(TASK): Once the pictures are set aside, repeat all of the data below exactly.

(Stored items)

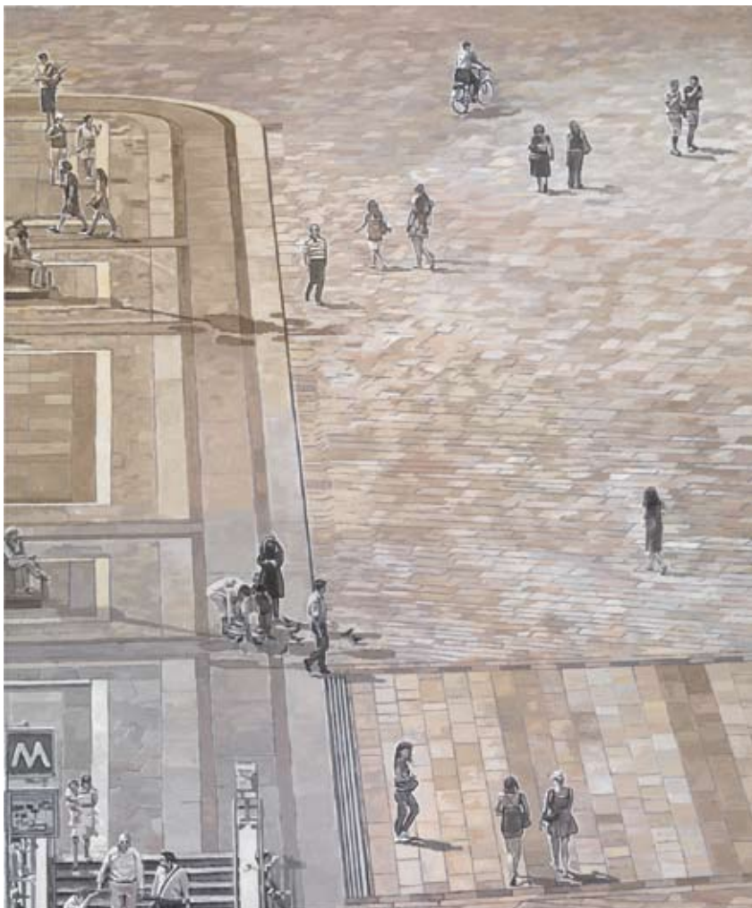
Tom Fleischhauer, Piazza II , 2009, Huile sur toile, H. : 180 cm, L. : 150 cm.
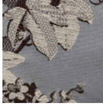
1656-04 OFFENBACH- BLEU
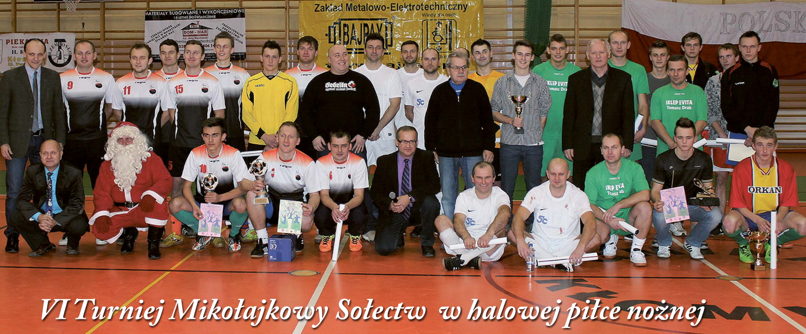
VI Turniej Mikolajkowy Sołectw w halowej piłce nożnej
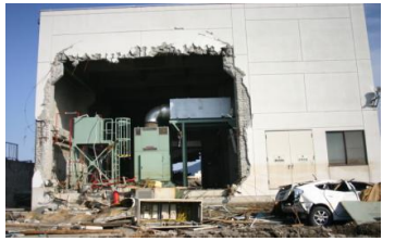
気仙沼市の終末下水処理施設

調査を踏まえて、東北・関東地方に甚大な被害をもたらした東日本大震災後の日本社会に対し、持続可能な水社会の構築に向け議論された内容をとりまとめ、関係省庁、国会議員、東北3県等に提言書を発出。
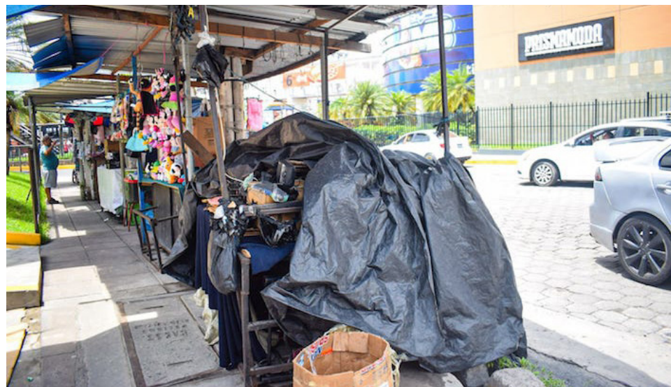
Comerciantes informales señalan que la alcaldía solo les ha “prometido” una reubicación. Sin embargo, a pocas horas del desalojo, no saben dónde serán ubicados.

La alcaldía, a través de un comunicado el día 11 de junio, dijo
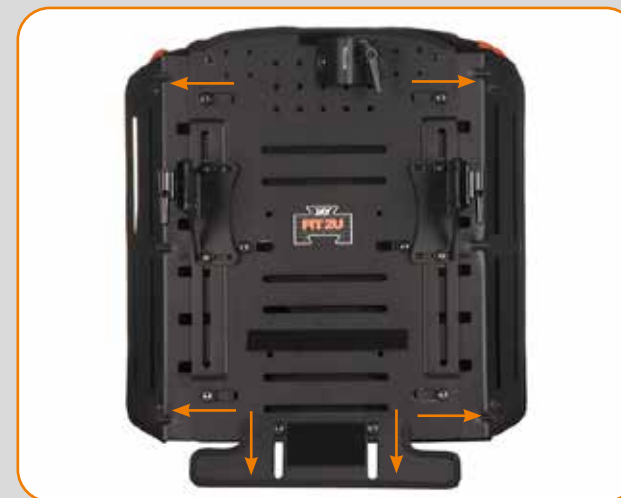
Høyde og bredde Justerbar Bredde og høyde kan justeres fem centimeter, uavhengig av hverandre, for å kunne tilpasses skiftende stillinger og en person i vekst.
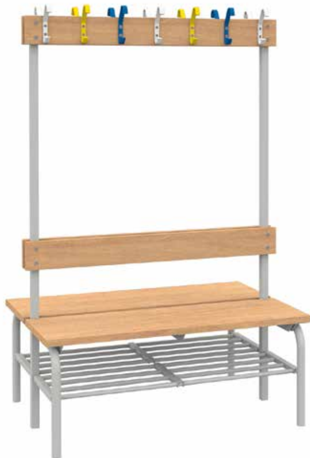
Omklädningsbänk dubbelsidig, Vision. Stativ i färg RAL 7035. Sits, rygglist och kroklist i eklaminat. Skolkrokar i färgerna RAL 9003, RAL 1017 och RAL 5012. Omklädningsbänken är kompletterad med skohylla.
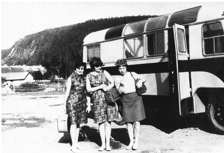
Фото 5. Студентки Львівської консерваторії – учасниці музично-етнографічної експедиції у селі Тухолька Сколівського району Львівської області. Експедиція Консерваторії № 19 (1 сеанс). 1967 рік.

Також завдяки В. Гошовському в середині 1960-х років Кабінет налагодив стосунки із подібними закладами Мінська, Вільнюса, Москви, Братислави, Брно, Будапешта та Варшави [2, с. 369].
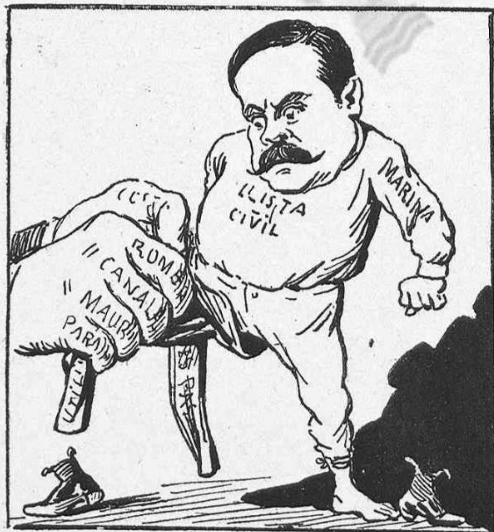
—¿Ara las calsas? ¡Caramba! Aixó ja m' empipa un xich.
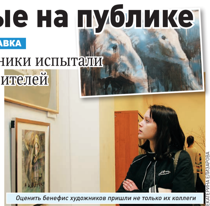
Оценить бенефис художников пришли не только их коллеги

Пространство экспозиции поделено на именные сектора, что позволяет посетителю поочередно погружаться в художественный мир каждого участника выставки. Причудливые скульптуры, декоративные пейзажи и философские картины - авторы старались показать все, что накопили за годы
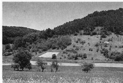
Naturschutzgebiet "Pfahl" bei Crispenhofen (Hohenlohekreis). Artenreicher Trockenrasen
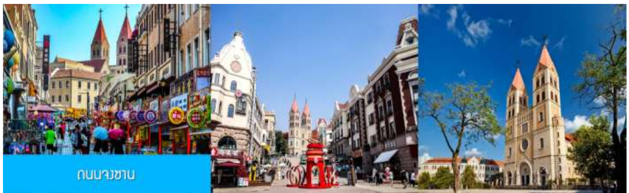
ถนนวาชาน

หลังอาหารนำท่านเดินทางชม สะพานจ้านเจียว 栈桥 เป็นแลนด์มาร์กแห่งประวัติศาสตร์คู่เมืองชิงเต่า สร้างเมื่อปี ค.ศ.1891 มีลักษณะเป็นสะพานหินทอดยาวกว่า 440 เมตรสู่ทะเล ปลายสะพานมีศาลา ทรงแปดเหลี่ยมสีแดงที่โดดเด่น ซึ่งเป็นสัญลักษณ์บนฉลากเบียร์ชิงเต่า ขึ้นชื่อเรื่องวิวสวย รับลมทะเล ให้ท่านเก็บภาพบรรยากาศ

(SOLUTION TO THE EXERCISE):
Tom Fleischhauer, Piazza II , 2009, Huile sur toile, H. : 180 cm, L. : 150 cm.
1656-04 OFFENBACH- BLEU
VI Turniej Mikolajkowy Sołectw w halowej piłce nożnej
気仙沼市の終末下水処理施設

調査を踏まえて、東北・関東地方に甚大な被害をもたらした東日本大震災後の日本社会に対し、持続可能な水社会の構築に向け議論された内容をとりまとめ、関係省庁、国会議員、東北3県等に提言書を発出。
Comerciantes informales señalan que la alcaldía solo les ha “prometido” una reubicación. Sin embargo, a pocas horas del desalojo, no saben dónde serán ubicados.

La alcaldía, a través de un comunicado el día 11 de junio, dijo
Høyde og bredde Justerbar Bredde og høyde kan justeres fem centimeter, uavhengig av hverandre, for å kunne tilpasses skiftende stillinger og en person i vekst.
Omklädningsbänk dubbelsidig, Vision. Stativ i färg RAL 7035. Sits, rygglist och kroklist i eklaminat. Skolkrokar i färgerna RAL 9003, RAL 1017 och RAL 5012. Omklädningsbänken är kompletterad med skohylla.
Фото 5. Студентки Львівської консерваторії – учасниці музично-етнографічної експедиції у селі Тухолька Сколівського району Львівської області. Експедиція Консерваторії № 19 (1 сеанс). 1967 рік.

Також завдяки В. Гошовському в середині 1960-х років Кабінет налагодив стосунки із подібними закладами Мінська, Вільнюса, Москви, Братислави, Брно, Будапешта та Варшави [2, с. 369].
—¿Ara las calsas? ¡Caramba! Aixó ja m' empipa un xich.
Оценить бенефис художников пришли не только их коллеги

Пространство экспозиции поделено на именные сектора, что позволяет посетителю поочередно погружаться в художественный мир каждого участника выставки. Причудливые скульптуры, декоративные пейзажи и философские картины - авторы старались показать все, что накопили за годы
Naturschutzgebiet "Pfahl" bei Crispenhofen (Hohenlohekreis). Artenreicher Trockenrasen
ถนนวาชาน

หลังอาหารนำท่านเดินทางชม สะพานจ้านเจียว 栈桥 เป็นแลนด์มาร์กแห่งประวัติศาสตร์คู่เมืองชิงเต่า สร้างเมื่อปี ค.ศ.1891 มีลักษณะเป็นสะพานหินทอดยาวกว่า 440 เมตรสู่ทะเล ปลายสะพานมีศาลา ทรงแปดเหลี่ยมสีแดงที่โดดเด่น ซึ่งเป็นสัญลักษณ์บนฉลากเบียร์ชิงเต่า ขึ้นชื่อเรื่องวิวสวย รับลมทะเล ให้ท่านเก็บภาพบรรยากาศ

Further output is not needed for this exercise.